Provided data:
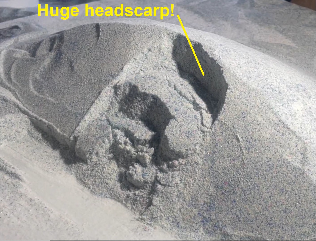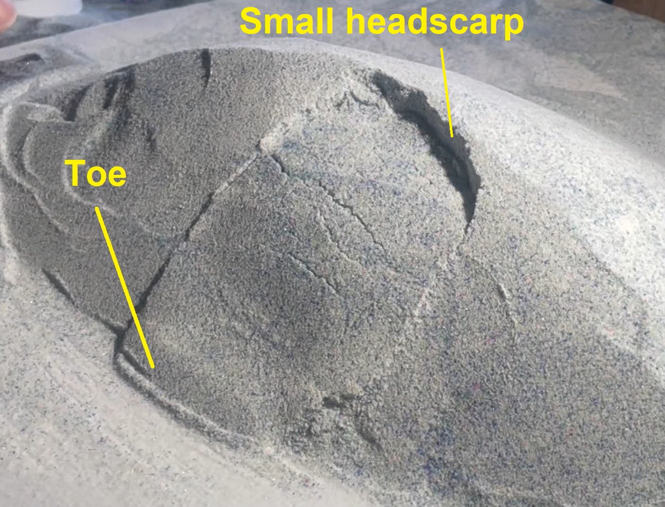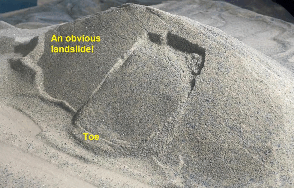 The two images below show the same model landslide at different points during its evolution. The lower image, of course, looks much uglier, with a broken-up slide block and huge, looming headscarp. Notably, the thick toe labeled in the upper image is conspicuously missing…(spoiler: you can watch this model evolve at 1:04 in the video link at the end).
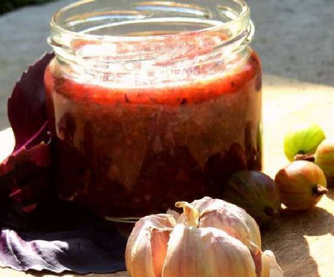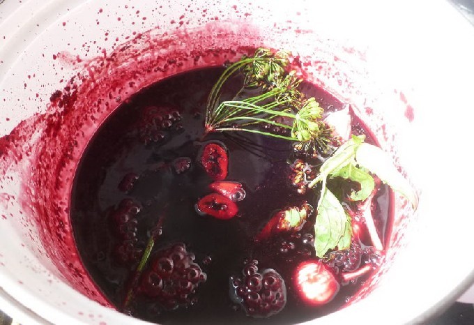 - Breng de massa bessen over in een pan en kook. Doe er zout, suiker, peper en gemalen steranijs in. Kook op laag vuur gedurende 10 minuten, af en toe roeren. Breng de knoflookpap over naar de basilicum en azijn en kook nog 3 minuten.
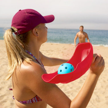 The Flip Toss from Franklin Sports is a fun handheld game you can play at the beach, at your next picnic or BBQ. The set includes 2 catch and toss scoops and 1 ball. The set includes a unique design element-spring action handle-for fast paced fun!
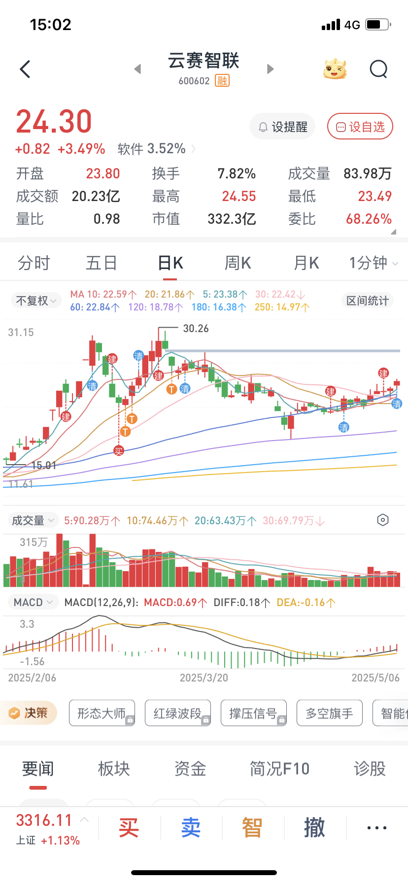 $云赛智联(SH600602)$ 已出,祝大家发财,三个点小肉含泪出了
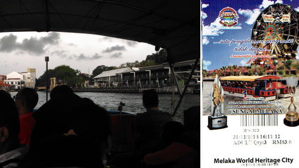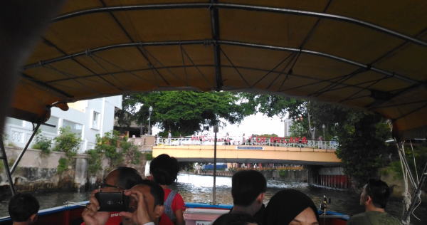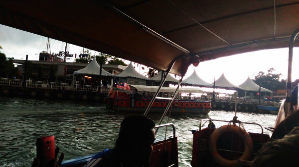 街歩きの最後はリバークルーズで。3人で63.6RM 1653円 雨も心配で中央席に座る。それが後になって幸いした。 |

Task directions: Repeat each line of the records exactly. Do not include the pictures.

Final answer:
 The two images below show the same model landslide at different points during its evolution. The lower image, of course, looks much uglier, with a broken-up slide block and huge, looming headscarp. Notably, the thick toe labeled in the upper image is conspicuously missing…(spoiler: you can watch this model evolve at 1:04 in the video link at the end).
 - Breng de massa bessen over in een pan en kook. Doe er zout, suiker, peper en gemalen steranijs in. Kook op laag vuur gedurende 10 minuten, af en toe roeren. Breng de knoflookpap over naar de basilicum en azijn en kook nog 3 minuten.
 The Flip Toss from Franklin Sports is a fun handheld game you can play at the beach, at your next picnic or BBQ. The set includes 2 catch and toss scoops and 1 ball. The set includes a unique design element-spring action handle-for fast paced fun!
 $云赛智联(SH600602)$ 已出,祝大家发财,三个点小肉含泪出了
 街歩きの最後はリバークルーズで。3人で63.6RM 1653円 雨も心配で中央席に座る。それが後になって幸いした。 |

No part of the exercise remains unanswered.